Из окна моей гостиницы я долго смотрел на пустую площадь Де-Брукера, оцепленную английскими войсками. И снова вспомнились мне первые дни сентября. Как восторженно встречал союзников Брюссель! Бушующая толпа закрывала проход для танков и машин. Бесконечные хороводы кружились на середине улицы, плясали все от мала до велика. Гремела музыка. Пение неслось из толпы, с балконов, из окон, раздавалось с брони танков и с крыш автобусов.
Площадь Де-Брукера была забита народом и войсками несколько дней кряду. Толпа кипела в гигантском хороводе, захватившем весь плац. Рупор звонко разносил песенку английских солдат прошлой мировой войны: «Путь далек до Типперэри». Вся площадь подхватывала куплеты. С самого раннего утра толпа собиралась под окнами нашей гостиницы и расходилась только поздней ночью. И весь день снизу неслись смех и песни, звучало это мощное, напоминающее звон металла: It is long way to Tipperary…
Теперь площадь была пуста и молчалива. Холодный ветер гнал по мостовой пыль, нес какие-то обрывки бумаги. Лишь у подъездов гостиниц, занятых штабами, группками стояли офицеры.
В дверь постучали. Вошел капитан из киногруппы армии. Мы ехали вместе в Нормандию, встречались с тех пор редко, но по-приятельски. Капитан был сумрачен, необычно резок, он не мог скрыть за традиционной английской сдержанностью своего негодования. С первых же слов обрушился на Черчилля и генерала Эрскина, начальника миссии ШЭЙФа в Брюсселе, за издевательство над совестью и честью армии. Перед лицом близкого врага — еще сидевших в Бельгии немцев — Черчилль бросал вызов армии: он не сомневался, что армия не посмеет ослушаться его приказа. Опытный политикан сразу убивал двух зайцев: подавлял бельгийские демократические силы и вбивал клин между английским народом, одетым в солдатскую шинель, и бельгийским трудовым людом. Ему нужно было это потому, что левые настроения в армии увеличивались по мере расширения связей союзников с освобожденными народами: жители континента как бы открывали глаза многим английским солдатам и офицерам, страдающим политической близорукостью. Капитан особенно возмущался поведением лейбористов, сидящих в правительстве, — своих товарищей по партии — за молчаливое, но горячее одобрение всех реакционных шагов Черчилля в Европе.

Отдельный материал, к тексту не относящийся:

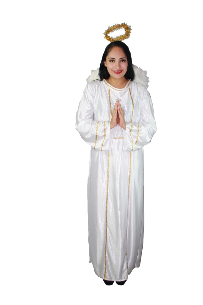Angel Mujer es un traje blanco con adornos dorados que incluye unas alas blancas de 40cm x 30cm. Ideal para lucir en obras de teatro o eventos familiares. Disfruta de un look mágico y celestial con Angel Mujer.

Несколько дней спустя генерал Эрскин пригласил военных корреспондентов, чтобы заявить им о своей готовности оказать правительству Пьерло любую военную помощь. Корреспонденты с недоумением смотрели на генерала. До недавнего времени Эрскин командовал 7-й танковой дивизией, известной под именем «Крысы пустыни». Это был боевой генерал, рослый, светловолосый, любивший острое словцо и энергичный жест. Он пользовался у солдат популярностью, его дивизия отличилась в боях в Северной Африке; печать восторженно говорила об Эрскине. Черчилль решил послать его в Бельгию в качестве вершителя политических судеб освобожденной страны. Однако настоящим хозяином в Брюсселе был не Эрскин, а английский посол Ничбелл-Хьюджессен, человек весьма старый, реакционный и ограниченный. (Однажды на частном ужине я проговорил с Ничбелл-Хьюджессеном около часа и убедился, что он живет представлениями времен Дизраэли и Пальмерстона, которые, как он признавал это сам, всегда были для него апостолами.)

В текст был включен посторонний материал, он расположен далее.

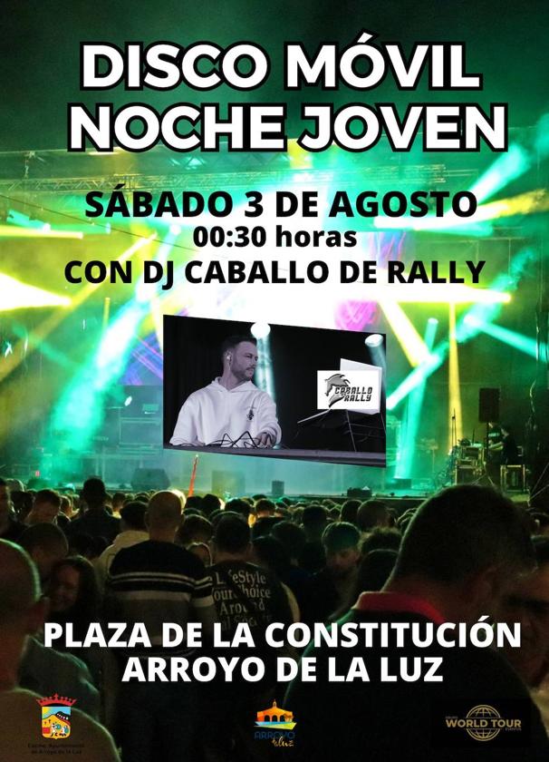 Para el próximo sábado, día 3 de agosto, el Ayuntamiento de Arroyo de la Luz ha organizado la Noche Joven, en la que los asistentes podrán disfrutar con la música de una disco móvil hasta altas horas de la madrugada. La noche comenzará a las 00.30 horas con DJ Caballo de Rally, en la Plaza de la Constitución.

Брюссельские события произвели гнетущее впечатление в армии. Офицеры и особенно солдаты не скрывали своего раздражения. Простые люди, одетые в зеленоватые солдатские шинели, прошедшие многие тысячи километров по Северной Африке, Италии и Западной Европе, были далеки от тех английских простачков, которые в 1935 году отдали свои голоса творцу «Мюнхена» — Чемберлену и его реакционным друзьям. Да и политическое лицо самой армии несколько изменилось: армия полевела, как полевела и вся Европа.
Во время нашей поездки по фронту, предпринятой вскоре после демонстрации в Брюсселе, солдаты и офицеры прежде всего спрашивали, что думает Москва о событиях в Бельгии. Мнение Москвы, видимо, было настолько важным, что департамент «психологической войны» изобрел грязноватый трюк, распустив среди солдат и бельгийского населения слух, что Москва якобы одобрила поведение англичан в столице Бельгии. «Психологические обманщики» приплели к этому делу даже предстоящее зимнее наступление Советской Армии, на котором могли будто бы неблагоприятно отразиться «беспорядки» в Брюсселе.